It was a devilish predicament, which the gay revolution faced again and again. When the police raided the illegal, Mafia-run bar called Stonewall in 1969, the New York liquor authorities had long since stopped threatening to pull the licenses of bars with a gay clientele. Yet the constant pressure of the police on the bars that catered to gays created an informal oppression that only ended when the Stonewall patrons rose up.  Indeed, long before Lawrence, a posse of gay activists in Los Angeles had to cook up a citizens’ arrest of six admitted sodomites in order to force the issue of the constitutionality of California’s sodomy law, in face of local authorities’ unwillingness to enforce the darn thing.

Lawrence and the rest didn’t have to be paragons of virtue. Comparing them to the Lovings is a categorical mistake.
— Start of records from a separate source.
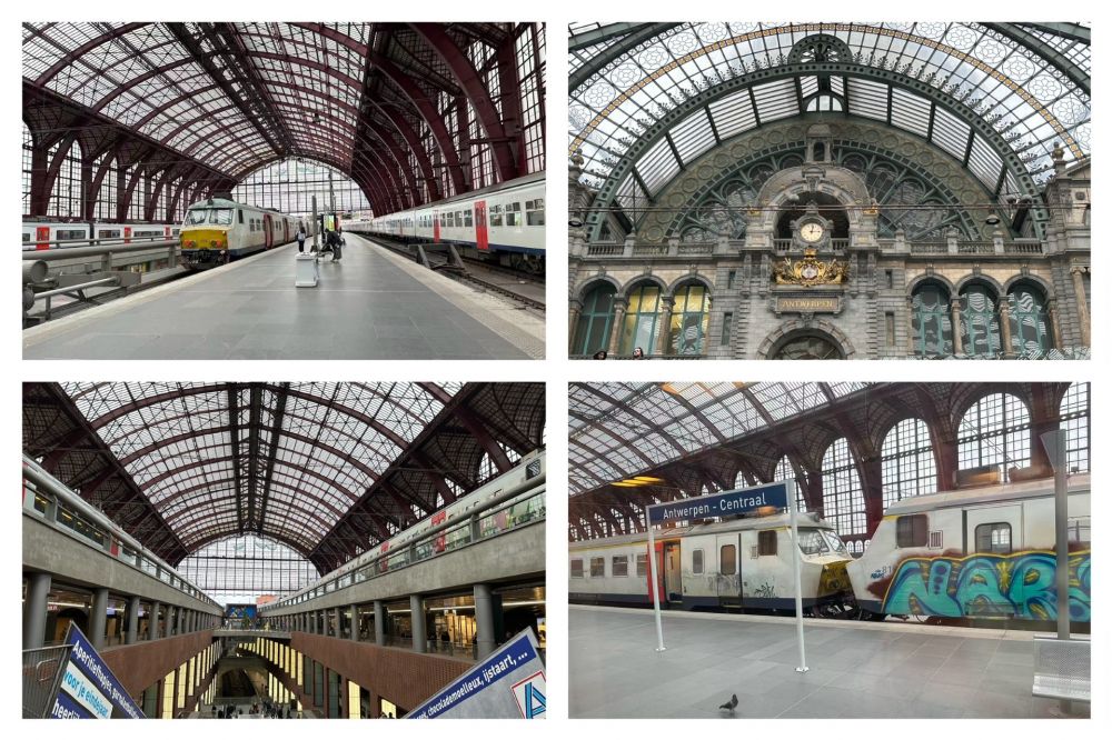 从阿姆斯特丹到比利时的布鲁日,坐火车大约4小时40分钟,中途需在欧洲最美火车站 -- 安特卫普中央火车站转车。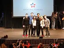 ![]() La primera dama Michelle Obama mirando una interpretación entre bastidores con algunos miembros del reparto de la serie. | |||||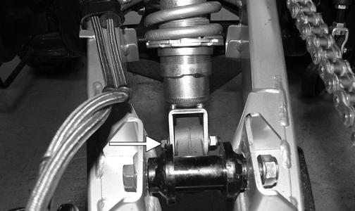 2.Remove the rear shield plate from the swing arm; then remove the lower shock mounting nut and cap screw. ! WARNING

They weren’t asking, as the Lovings were, to be included in one of the most morally freighted, traditional institutions of social approval, marriage. They were asking to be left alone, a founding principle of any liberal democracy. When the time came for the gay revolution to take on the constitutionality of fortress marriage, activists correctly pursued a completely different course. No beer-swilling pornography collecting random plaintiffs for the uber-respectable Republican icon Ted Olson and his Democratic sidekick David Boies. The named plaintiff in the California gay marriage case,  Perry v. Schwarzenegger is a soccer mom who actually ran the state's program advocating for children newborn to 5 years old.

Realizing that the gay movement was harvesting the appeal of their Cleaver-style family litigants, Rush Limbaugh recently tried to get some traction against same-sex marriage by pointing out that one of the iconic couples married when California allowed it was divorcing. In the American tradition of simple equality, if heterosexuals like the serial marriers Rush Limbaugh and Newt Gingrich can avail themselves of the institution, gay and lesbian fiancés, however unappealing, should be able to do so as well. The gay movement has been brilliantly strategic in its choice of symbols in the marriage fight. But victory will surely be at hand when someone as raffish as John Lawrence and Tyron Garner can stop by the Elvis chapel and tie the knot.